Vordering tot schadevergoeding
De benadeelde partij [slachtoffer] heeft zich met een vordering tot schadevergoeding ten bedrage van € 1.300,43 gevoegd in het strafproces ten aanzien van het onder 1 en 2 tenlastegelegde.
Naar het oordeel van de rechtbank is, op grond van de gebezigde bewijsmiddelen en hetgeen verder ter terecht¬zitting met betrekking tot de vordering is gebleken, komen vast te staan dat de benadeelde partij als gevolg van het onder 1 en 2 bewezen verklaarde handelen rechtstreeks schade heeft geleden, waarvoor verdachte naar burgerlijk recht aansprakelijk is. De rechtbank is, anders dan de officier van justitie en de raadsman, van oordeel dat de vordering voldoende onderbouwd is en mitsdien voor algehele toewijzing in aanmerking komt, met dien verstande dat de kosten voor indiening van de vordering worden begroot op
€ 96,32 (reiskosten en kosten boekhouder).
Toepasselijke wettelijke voorschriften
Deze beslissing is gegrond op de artikelen 37, 39, 157 en 350 van het Wetboek van Strafrecht.
De rechtbank beslist als volgt.
Verklaart de dagvaarding ten aanzien van het onder 3 ten laste gelegde nietig.
Verklaart, zoals hiervoor overwogen, bewezen dat verdachte het onder 1 en 2 tenlastegelegde heeft begaan.
Verklaart niet bewezen hetgeen verdachte meer of anders onder 1 en 2 is ten laste gelegd dan hierboven is bewezen verklaard en spreekt verdachte daarvan vrij.
Verklaart het bewezenverklaarde strafbaar en kwalificeert dit als hiervoor vermeld.
Verklaart verdachte niet strafbaar en ontslaat verdachte voor de feiten 1 en 2 van alle rechtsvervolging.
Gelast dat verdachte in een psychiatrisch ziekenhuis zal worden geplaatst voor een termijn van 1 (één) jaar.

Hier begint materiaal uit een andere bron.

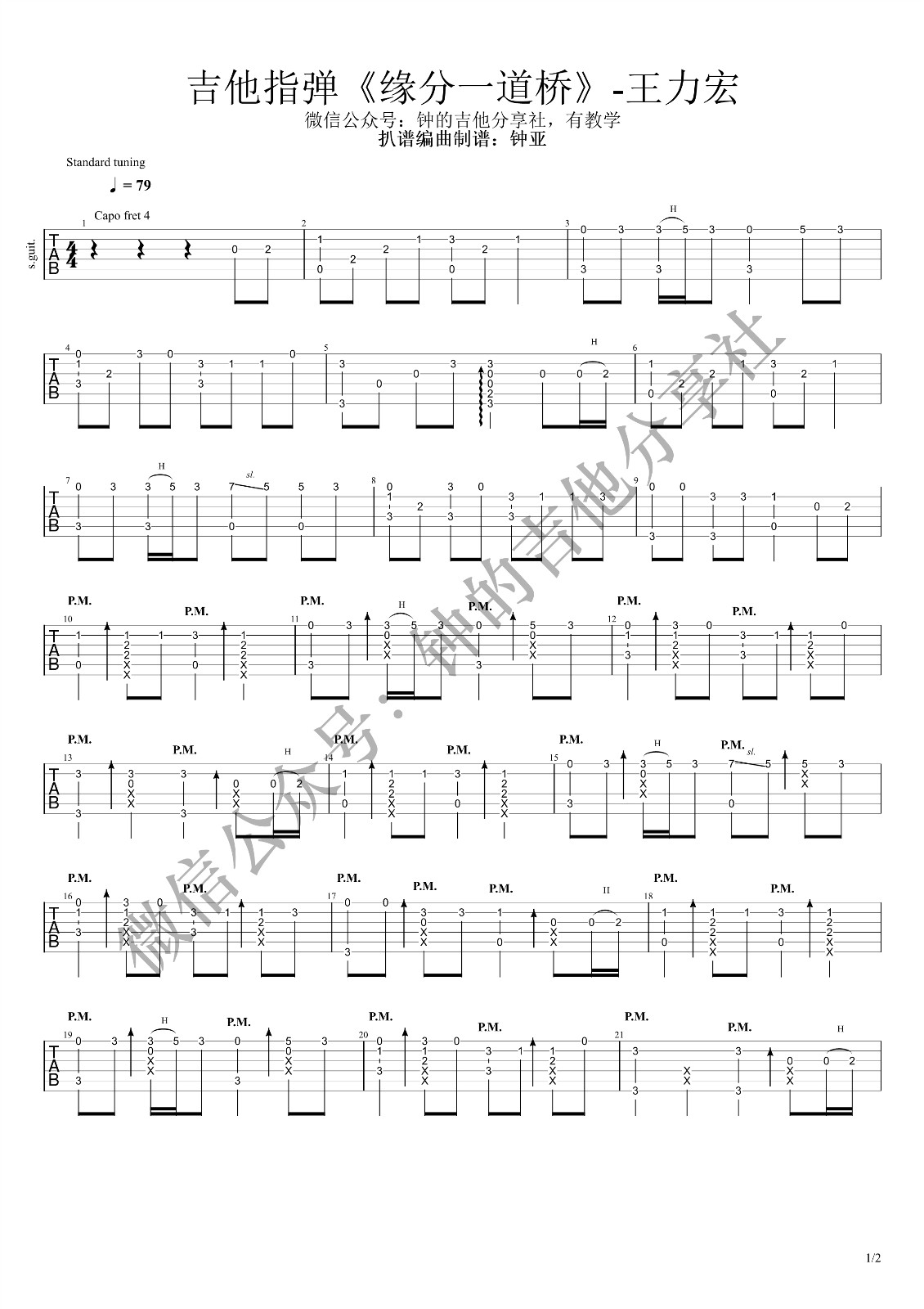 吉他王力宏《缘分一道桥》吉他谱 - 小编推荐练习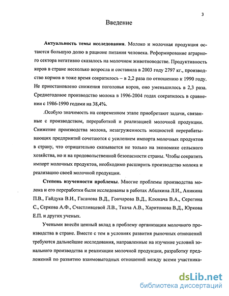 Актуальность темы исследования. Молоко и молочная продукция остаются большую долю в рационе питания человека. Реформирование аграрного сектора негативно сказалось на молочном животноводстве. Продуктивность коров в стране несколько возросла и составила в 2003 году 2797 кг., производство кормов в тоже время сократилось - в 2,2 раза по отношению к 1990 году. Не приостановлено снижения поголовья коров, оно уменьшилось в 2,3 раза. Среднегодовое производство молока в 1996-2004 годах сократилось в сравнении с 1986-1990 годами на 38,4%.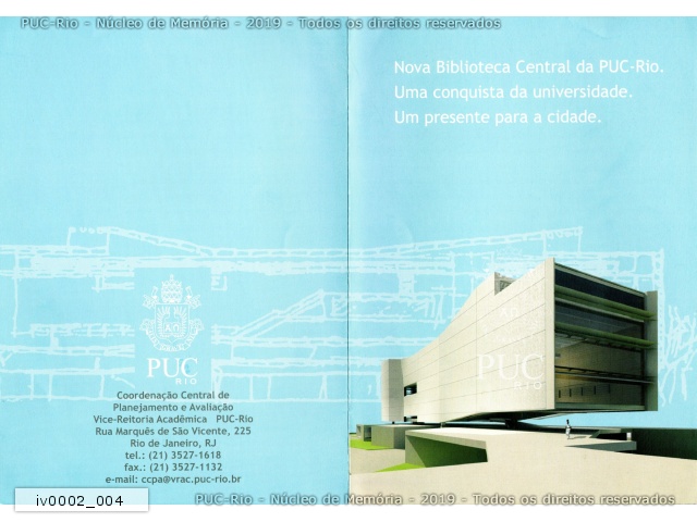 Folder de divulgação do projeto de construção do novo espaço para a Divisão de Bibliotecas e Documentação da PUC-Rio. |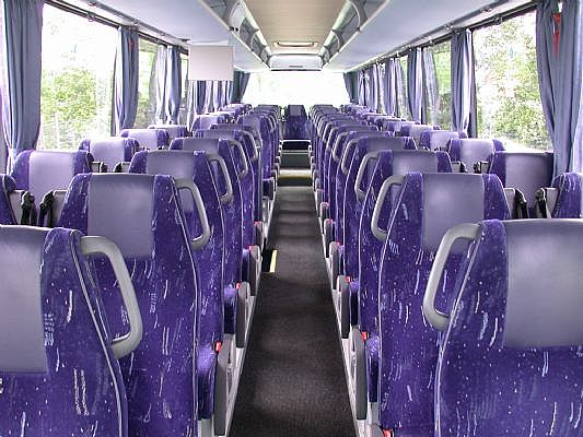Fullt utrustad turistbuss med säkerhetsbälten, 220V, Air Condition, DVD-spelare, CD-växlare, litet pentry med kylskåp, kaffemaskin, toalett, fällbara ryggstöd, fällbara bord.

Gelast de teruggave van de in beslag genomen, nog niet teruggegeven voorwerpen aan veroordeelde, te weten:
- jas (zwart);
- muts (wit).
Veroordeelt verdachte tot betaling van schadevergoeding aan de benadeelde partij [slachtoffer], [adres], [postcode, plaats] (bankrekeningnummer: [cijfers]), van een bedrag van € 1.204,11, vermeerderd met betaling van de kosten van het geding en de tenuitvoerlegging door de benadeelde partij gemaakt, tot op heden begroot op € 96,32.
Aldus gewezen door mrs. Borgerhoff Mulder, voorzitter, Van Harreveld en Lucassen, rechters, in tegenwoordigheid van mr. Meerdink, griffier, en uitgesproken op de openbare terechtzitting van 11 juli 2007.